## TASK REQUIREMENTS
Nothing but the pictures gets dropped; retype every entry exactly.

## TASK DATA
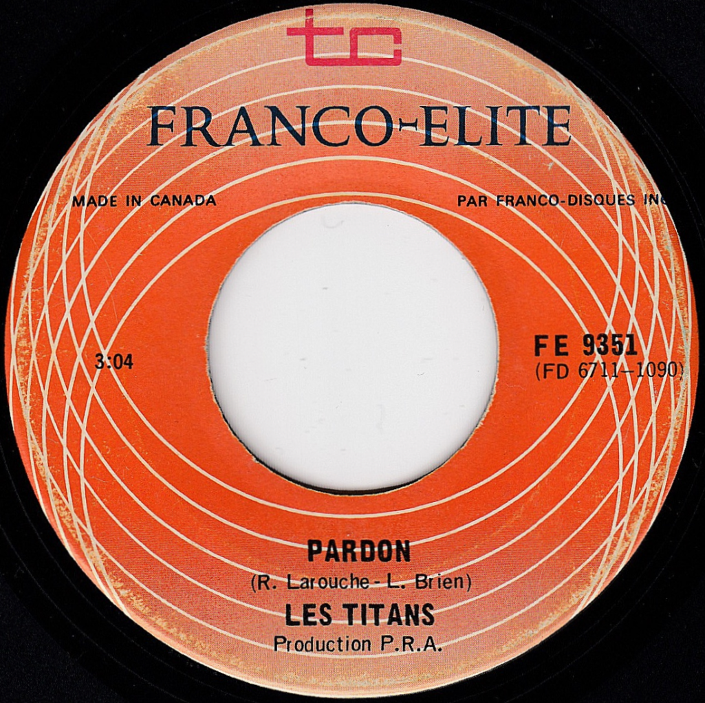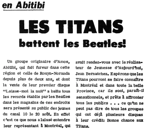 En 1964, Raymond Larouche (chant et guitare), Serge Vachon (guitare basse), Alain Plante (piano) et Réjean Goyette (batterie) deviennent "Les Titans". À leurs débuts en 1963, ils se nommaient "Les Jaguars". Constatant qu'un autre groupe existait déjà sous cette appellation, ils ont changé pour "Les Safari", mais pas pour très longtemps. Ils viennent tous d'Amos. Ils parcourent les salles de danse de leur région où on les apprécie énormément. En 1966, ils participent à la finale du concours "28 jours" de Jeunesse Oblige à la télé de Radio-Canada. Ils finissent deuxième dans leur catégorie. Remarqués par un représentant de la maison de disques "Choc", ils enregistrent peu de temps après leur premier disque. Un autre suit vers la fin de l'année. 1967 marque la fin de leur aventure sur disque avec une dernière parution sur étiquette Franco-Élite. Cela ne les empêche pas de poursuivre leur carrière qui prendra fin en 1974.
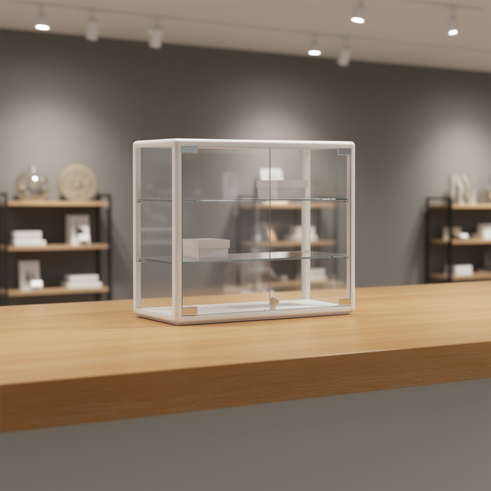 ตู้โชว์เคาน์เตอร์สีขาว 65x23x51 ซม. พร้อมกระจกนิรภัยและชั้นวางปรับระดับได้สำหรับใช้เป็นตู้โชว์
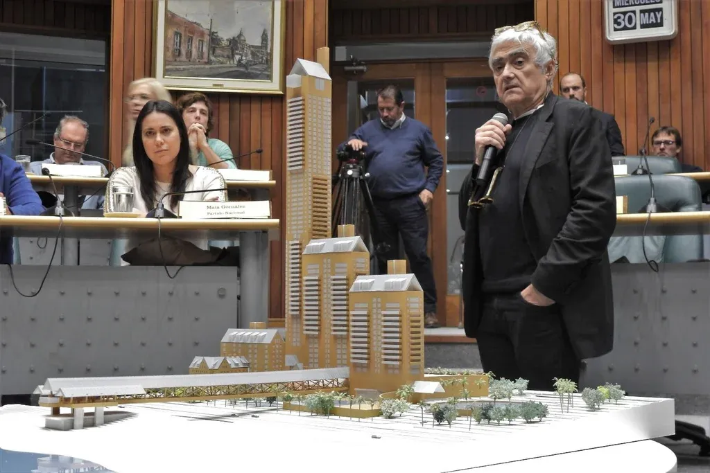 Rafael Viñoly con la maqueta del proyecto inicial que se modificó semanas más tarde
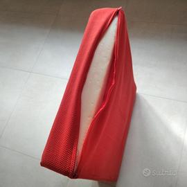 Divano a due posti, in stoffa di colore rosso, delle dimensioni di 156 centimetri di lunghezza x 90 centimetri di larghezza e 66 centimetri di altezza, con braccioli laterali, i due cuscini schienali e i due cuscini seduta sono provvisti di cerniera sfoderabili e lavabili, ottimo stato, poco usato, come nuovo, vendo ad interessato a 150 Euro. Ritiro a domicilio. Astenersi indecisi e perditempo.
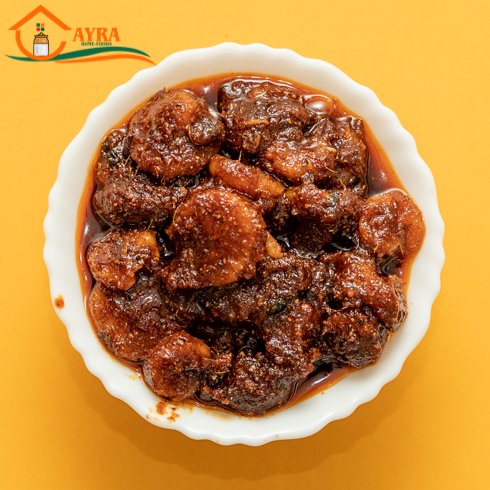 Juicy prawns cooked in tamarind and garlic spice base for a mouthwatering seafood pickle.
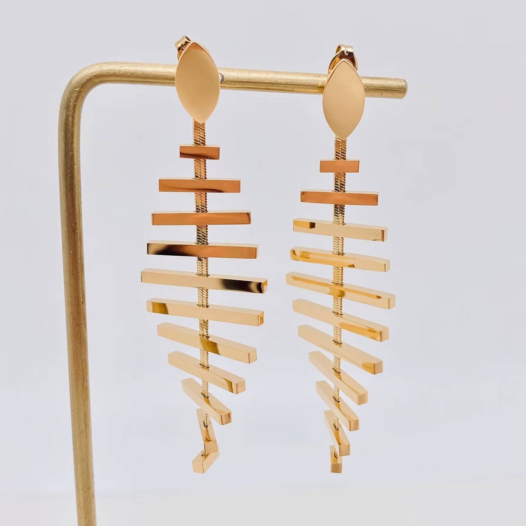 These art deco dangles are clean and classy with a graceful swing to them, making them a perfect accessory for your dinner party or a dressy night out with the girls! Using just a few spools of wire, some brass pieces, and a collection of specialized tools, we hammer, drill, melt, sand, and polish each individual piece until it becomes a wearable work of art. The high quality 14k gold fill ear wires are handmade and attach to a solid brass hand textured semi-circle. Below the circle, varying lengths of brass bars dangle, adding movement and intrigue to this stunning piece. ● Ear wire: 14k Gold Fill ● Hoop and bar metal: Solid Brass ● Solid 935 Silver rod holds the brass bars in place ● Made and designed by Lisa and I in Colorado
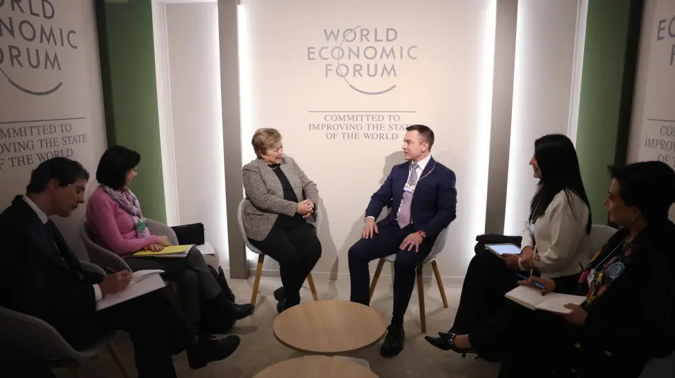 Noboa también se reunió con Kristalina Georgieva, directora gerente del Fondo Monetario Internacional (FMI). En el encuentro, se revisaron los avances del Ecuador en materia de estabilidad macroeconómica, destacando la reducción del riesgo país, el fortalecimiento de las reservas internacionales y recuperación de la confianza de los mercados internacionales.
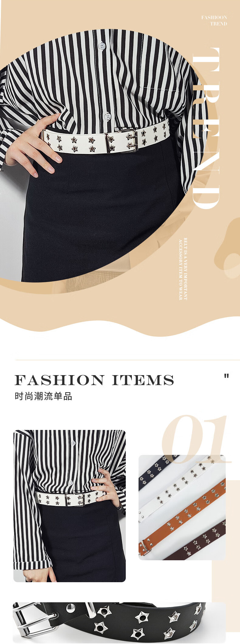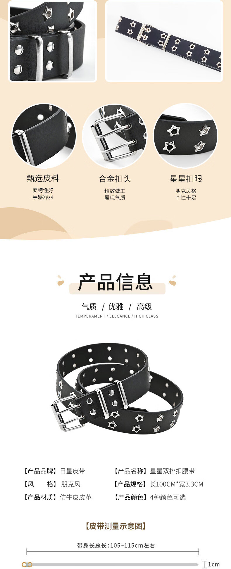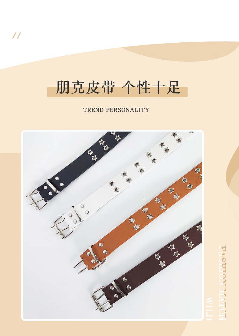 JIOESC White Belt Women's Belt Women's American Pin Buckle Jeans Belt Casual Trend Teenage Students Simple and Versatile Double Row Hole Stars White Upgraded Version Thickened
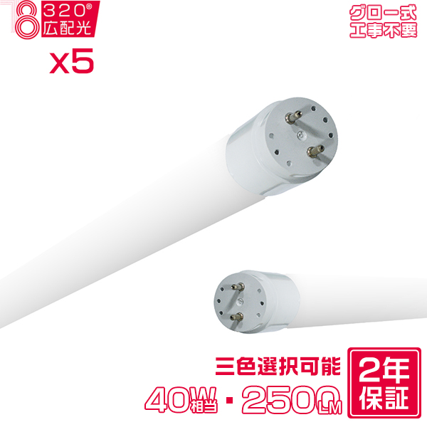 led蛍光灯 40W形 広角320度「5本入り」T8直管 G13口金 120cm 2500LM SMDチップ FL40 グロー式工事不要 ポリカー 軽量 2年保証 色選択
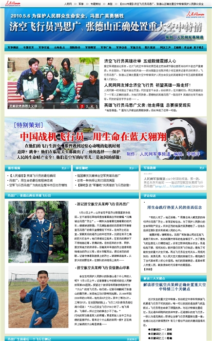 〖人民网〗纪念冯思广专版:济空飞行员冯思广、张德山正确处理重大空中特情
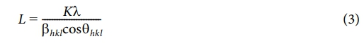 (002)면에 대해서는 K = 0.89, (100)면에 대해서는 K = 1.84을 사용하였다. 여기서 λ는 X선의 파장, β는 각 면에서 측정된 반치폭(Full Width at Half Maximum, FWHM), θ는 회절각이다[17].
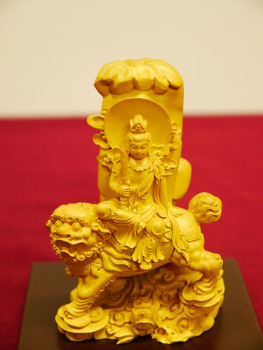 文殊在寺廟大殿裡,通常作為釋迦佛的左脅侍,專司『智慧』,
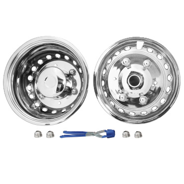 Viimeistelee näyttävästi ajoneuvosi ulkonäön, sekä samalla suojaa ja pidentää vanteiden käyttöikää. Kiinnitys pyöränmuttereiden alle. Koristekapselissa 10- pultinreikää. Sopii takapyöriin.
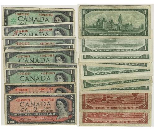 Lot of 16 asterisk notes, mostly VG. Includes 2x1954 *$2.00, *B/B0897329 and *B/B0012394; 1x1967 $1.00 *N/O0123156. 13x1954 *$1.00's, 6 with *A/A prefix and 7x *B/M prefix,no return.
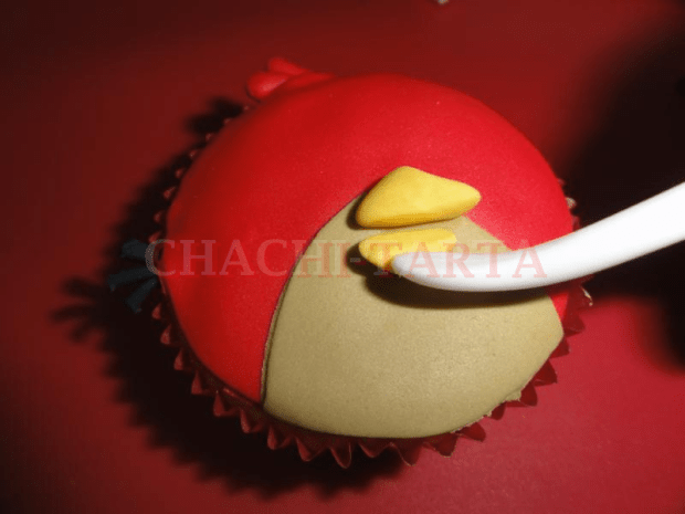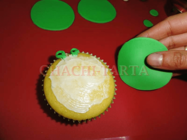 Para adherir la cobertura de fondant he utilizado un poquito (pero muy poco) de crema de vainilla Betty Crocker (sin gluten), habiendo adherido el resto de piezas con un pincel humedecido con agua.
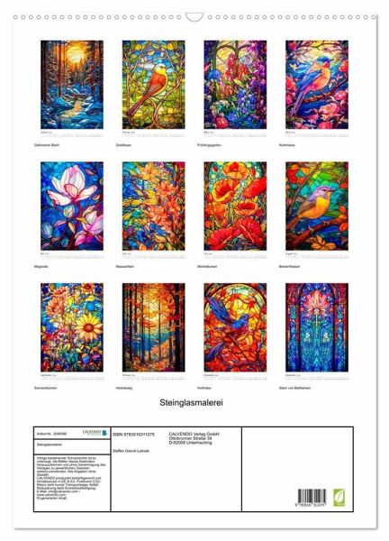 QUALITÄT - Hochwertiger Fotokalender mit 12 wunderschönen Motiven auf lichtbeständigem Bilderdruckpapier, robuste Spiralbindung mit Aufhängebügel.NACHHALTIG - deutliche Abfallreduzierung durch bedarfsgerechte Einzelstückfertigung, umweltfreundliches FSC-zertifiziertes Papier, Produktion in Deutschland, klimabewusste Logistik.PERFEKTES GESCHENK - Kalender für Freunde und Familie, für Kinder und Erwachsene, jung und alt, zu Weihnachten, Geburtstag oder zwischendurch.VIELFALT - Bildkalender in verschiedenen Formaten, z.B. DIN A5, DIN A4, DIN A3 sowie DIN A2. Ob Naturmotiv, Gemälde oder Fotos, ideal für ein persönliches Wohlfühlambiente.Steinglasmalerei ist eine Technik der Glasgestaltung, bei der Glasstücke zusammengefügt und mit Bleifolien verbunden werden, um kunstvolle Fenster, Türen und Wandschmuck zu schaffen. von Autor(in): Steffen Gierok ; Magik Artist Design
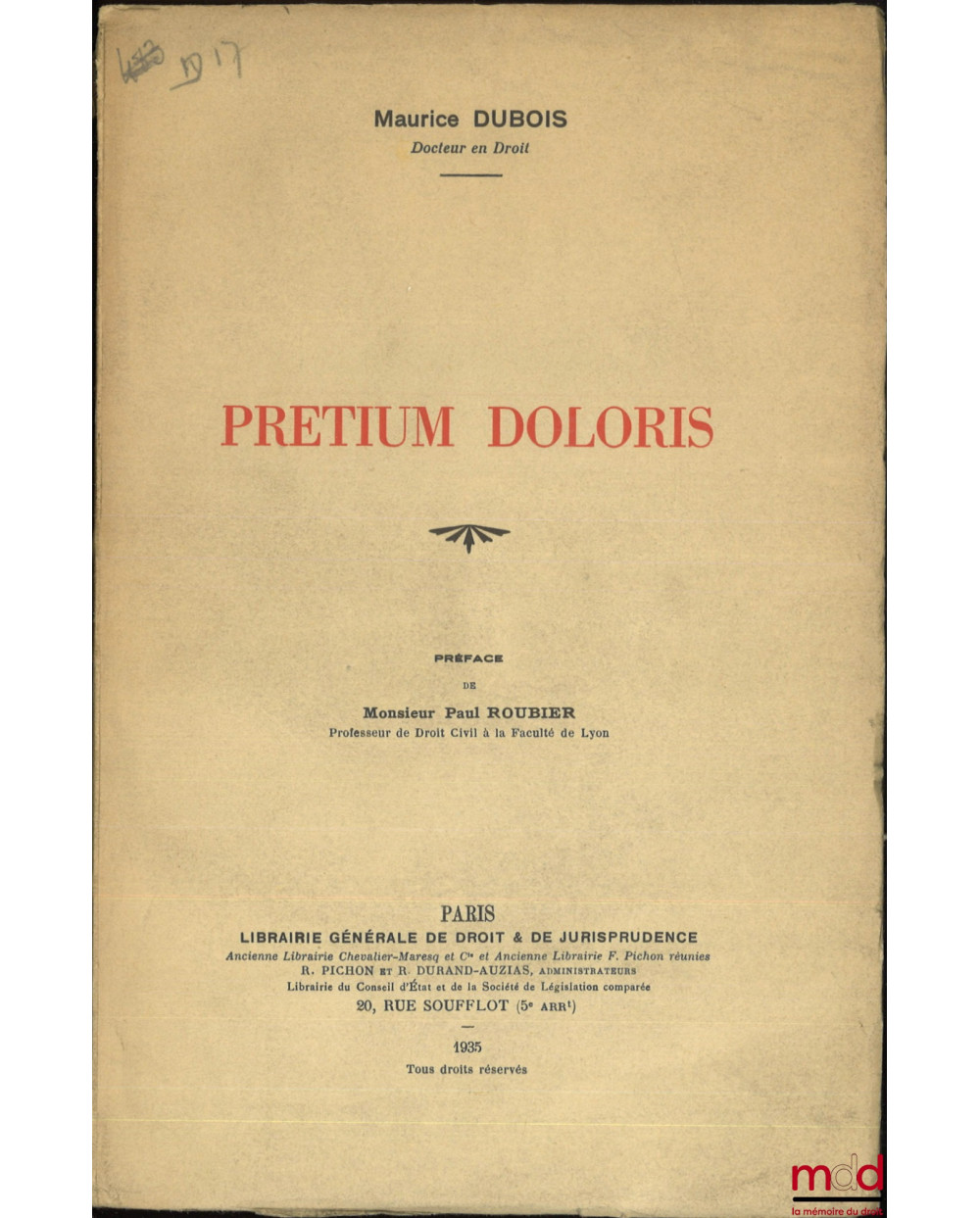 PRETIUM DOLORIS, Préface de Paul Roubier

## RESULT OF THE TASK
 En 1964, Raymond Larouche (chant et guitare), Serge Vachon (guitare basse), Alain Plante (piano) et Réjean Goyette (batterie) deviennent "Les Titans". À leurs débuts en 1963, ils se nommaient "Les Jaguars". Constatant qu'un autre groupe existait déjà sous cette appellation, ils ont changé pour "Les Safari", mais pas pour très longtemps. Ils viennent tous d'Amos. Ils parcourent les salles de danse de leur région où on les apprécie énormément. En 1966, ils participent à la finale du concours "28 jours" de Jeunesse Oblige à la télé de Radio-Canada. Ils finissent deuxième dans leur catégorie. Remarqués par un représentant de la maison de disques "Choc", ils enregistrent peu de temps après leur premier disque. Un autre suit vers la fin de l'année. 1967 marque la fin de leur aventure sur disque avec une dernière parution sur étiquette Franco-Élite. Cela ne les empêche pas de poursuivre leur carrière qui prendra fin en 1974.
 ตู้โชว์เคาน์เตอร์สีขาว 65x23x51 ซม. พร้อมกระจกนิรภัยและชั้นวางปรับระดับได้สำหรับใช้เป็นตู้โชว์
 Rafael Viñoly con la maqueta del proyecto inicial que se modificó semanas más tarde
 Divano a due posti, in stoffa di colore rosso, delle dimensioni di 156 centimetri di lunghezza x 90 centimetri di larghezza e 66 centimetri di altezza, con braccioli laterali, i due cuscini schienali e i due cuscini seduta sono provvisti di cerniera sfoderabili e lavabili, ottimo stato, poco usato, come nuovo, vendo ad interessato a 150 Euro. Ritiro a domicilio. Astenersi indecisi e perditempo.
 Juicy prawns cooked in tamarind and garlic spice base for a mouthwatering seafood pickle.
 These art deco dangles are clean and classy with a graceful swing to them, making them a perfect accessory for your dinner party or a dressy night out with the girls! Using just a few spools of wire, some brass pieces, and a collection of specialized tools, we hammer, drill, melt, sand, and polish each individual piece until it becomes a wearable work of art. The high quality 14k gold fill ear wires are handmade and attach to a solid brass hand textured semi-circle. Below the circle, varying lengths of brass bars dangle, adding movement and intrigue to this stunning piece. ● Ear wire: 14k Gold Fill ● Hoop and bar metal: Solid Brass ● Solid 935 Silver rod holds the brass bars in place ● Made and designed by Lisa and I in Colorado
 Noboa también se reunió con Kristalina Georgieva, directora gerente del Fondo Monetario Internacional (FMI). En el encuentro, se revisaron los avances del Ecuador en materia de estabilidad macroeconómica, destacando la reducción del riesgo país, el fortalecimiento de las reservas internacionales y recuperación de la confianza de los mercados internacionales.
 JIOESC White Belt Women's Belt Women's American Pin Buckle Jeans Belt Casual Trend Teenage Students Simple and Versatile Double Row Hole Stars White Upgraded Version Thickened
 led蛍光灯 40W形 広角320度「5本入り」T8直管 G13口金 120cm 2500LM SMDチップ FL40 グロー式工事不要 ポリカー 軽量 2年保証 色選択
 〖人民网〗纪念冯思广专版:济空飞行员冯思广、张德山正确处理重大空中特情
 (002)면에 대해서는 K = 0.89, (100)면에 대해서는 K = 1.84을 사용하였다. 여기서 λ는 X선의 파장, β는 각 면에서 측정된 반치폭(Full Width at Half Maximum, FWHM), θ는 회절각이다[17].
 文殊在寺廟大殿裡,通常作為釋迦佛的左脅侍,專司『智慧』,
 Viimeistelee näyttävästi ajoneuvosi ulkonäön, sekä samalla suojaa ja pidentää vanteiden käyttöikää. Kiinnitys pyöränmuttereiden alle. Koristekapselissa 10- pultinreikää. Sopii takapyöriin.
 Lot of 16 asterisk notes, mostly VG. Includes 2x1954 *$2.00, *B/B0897329 and *B/B0012394; 1x1967 $1.00 *N/O0123156. 13x1954 *$1.00's, 6 with *A/A prefix and 7x *B/M prefix,no return.
 Para adherir la cobertura de fondant he utilizado un poquito (pero muy poco) de crema de vainilla Betty Crocker (sin gluten), habiendo adherido el resto de piezas con un pincel humedecido con agua.
 QUALITÄT - Hochwertiger Fotokalender mit 12 wunderschönen Motiven auf lichtbeständigem Bilderdruckpapier, robuste Spiralbindung mit Aufhängebügel.NACHHALTIG - deutliche Abfallreduzierung durch bedarfsgerechte Einzelstückfertigung, umweltfreundliches FSC-zertifiziertes Papier, Produktion in Deutschland, klimabewusste Logistik.PERFEKTES GESCHENK - Kalender für Freunde und Familie, für Kinder und Erwachsene, jung und alt, zu Weihnachten, Geburtstag oder zwischendurch.VIELFALT - Bildkalender in verschiedenen Formaten, z.B. DIN A5, DIN A4, DIN A3 sowie DIN A2. Ob Naturmotiv, Gemälde oder Fotos, ideal für ein persönliches Wohlfühlambiente.Steinglasmalerei ist eine Technik der Glasgestaltung, bei der Glasstücke zusammengefügt und mit Bleifolien verbunden werden, um kunstvolle Fenster, Türen und Wandschmuck zu schaffen. von Autor(in): Steffen Gierok ; Magik Artist Design
 PRETIUM DOLORIS, Préface de Paul Roubier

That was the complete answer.